Monday, February 13, 2012

Prof. RIchard White of Stanford University doesn't want us "Railroaded" by High-Speed Rail


This article comes from the Christian Science Monitor.

Prof. Richard White has been written about and been quoted on this blog site previously.  He wrote a book about the history of the Transcontinental Railroad, Railroaded, built from St. Louis to California in the late 19th century.

He doesn't like this high-speed rail project in California. He has his reasons. 

First point he makes: "it will become a Vietnam of transportation: easy to begin and difficult and expensive to stop."  I certainly agree, although he doesn't mean that literally.  It's not easy for the rail authority to begin; they have had a devil of a time getting money and agreement about beginning in the Central Valley. And, stopping will take place when they run out of the $6 billion they now have to play with. That's not difficult. But, we get the idea.

Once they start digging holes, the rail authority will never go away.  They won't have more funding for construction, but the Governor's office, regardless of its occupant, will continue to keep the rail authority in business since it's a vehicle for generating federal funds for California.  We, the taxpayers, are even paying for CHSRA-employed lobbyists to do just that. Remember, it's not about the train; it's about the money.

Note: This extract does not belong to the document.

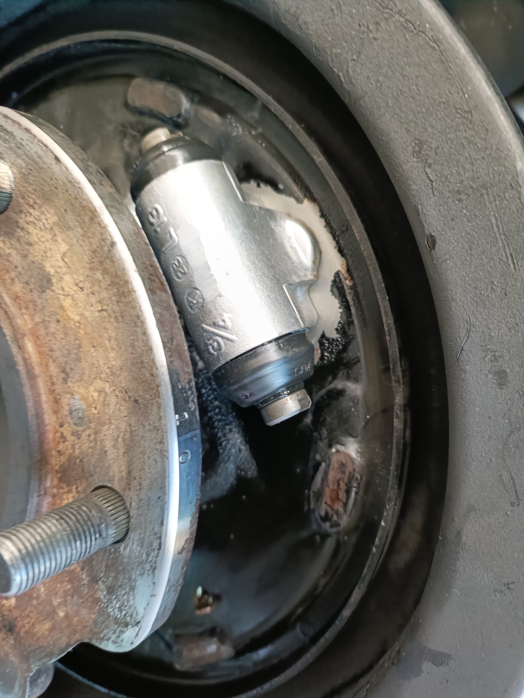 リヤブレーキドラムから異音と引っ掛かり感があるそうで、前日に一旦ドラムを外して確認したところ、左シリンダーからのフルード滲みが発生していました。ブレーキシューの摩耗もみられます。

Like me, Prof. White is on the Left side of the political fence, yet, despite the avid Democratic support for this project, he sees it for what it is, a fraudulent money-making scheme for politicians, consultants and contracting corporations. 

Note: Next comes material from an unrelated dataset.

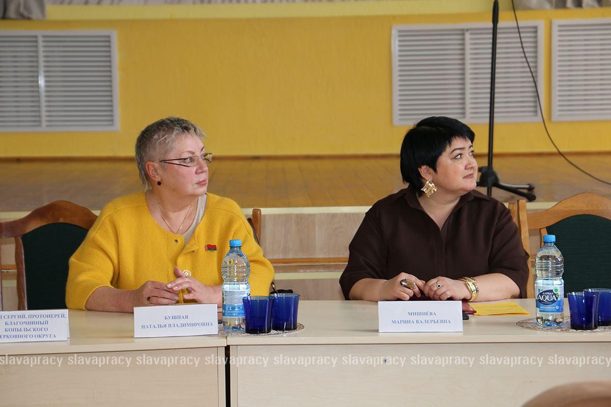Продолжился форум торжественной частью. С приветствием выступили заведующий сектором по работе с руководящими кадрами отдела координации методической работы центра развития дополнительного образования взрослых ГУО «Академия образования» Марина Мишнева и соучредитель Ассоциации школ России и Беларуси, директор ГУО «Гимназия № 1 г. Минска имени Ф. Скорины» Наталия Бушная. В церемонии открытия мероприятия участие также приняли начальник управления по образованию и спорту Копыльского райисполкома Елена Карпович и благочинный Копыльского церковного округа протоиерей Сергий Чарный.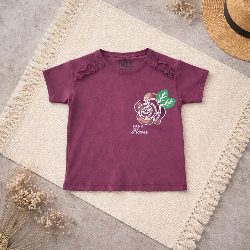 Gül Baskılı Mor Kız Çocuk Tişört – Fırfır Detaylı Şık Tasarım

While he doesn't say so in this interview (because he wasn't asked, apparently) he probably doesn't object to rail transportation, especially freight, as an appropriate modality or tool that serves our purposes well.  Of course, with passenger rail, now no longer part of private enterprise rail industry, he does object, and for good reason. It's not cost/effective. We've talked about this in prior blog entries. 

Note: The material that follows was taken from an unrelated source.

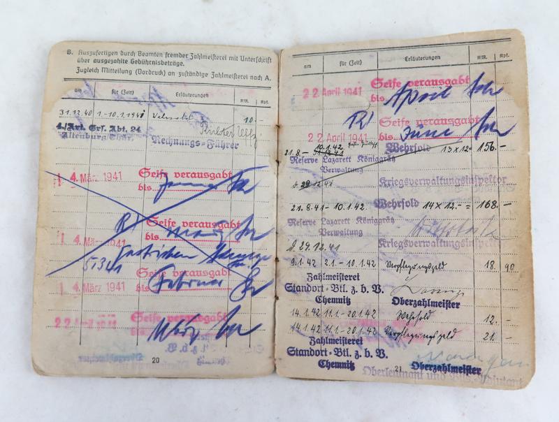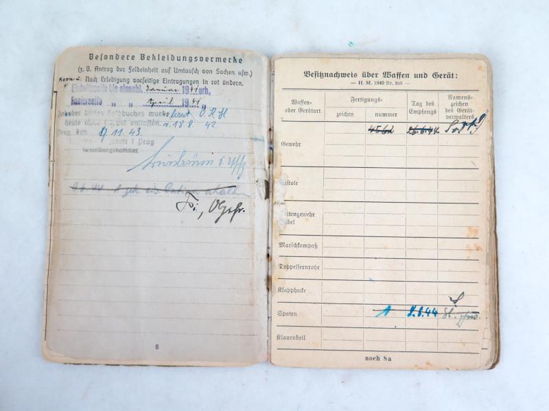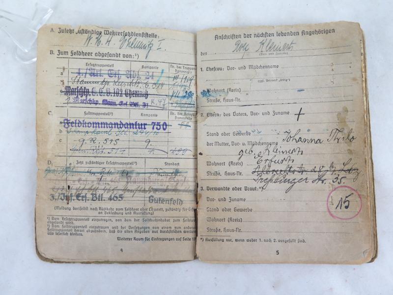 ENG WW2 German Wehrmacht army Soldbuch. unteroffizier Kleinerth. Infantrysoldier. Combat unit marked Feldkommandantur 750 (Vannes) and grenadier regiment 515. Awards not marked. Armed with rifle. Good used condition. Nice, original soldbuch.

Here's a quick summary of the problem with this California HSR project:

1. It's development costs are so great, and the promoters are so aggressive, that no true total cost has yet been estimated. Nobody would want to hear it.  There must be a number that is so large that no one could agree to any benefits at that price. The price forecast is now above $100 billion. That will double or more. Then what? Like water, is this train a lifeline without which we can't exist? Ridiculous.

2. The passenger-mile operating costs are far higher than any reasonable ticket price could hope to cover.  There can be no adequate ridership for inter-city travel whereby the ticket costs meet or exceed operating expenses.  Farebox receipts will invariably always be lower than all post-construction costs combined. And, though never explained, they include far more than daily operations and maintenance. They also include replacement, insurance, marketing and debt service.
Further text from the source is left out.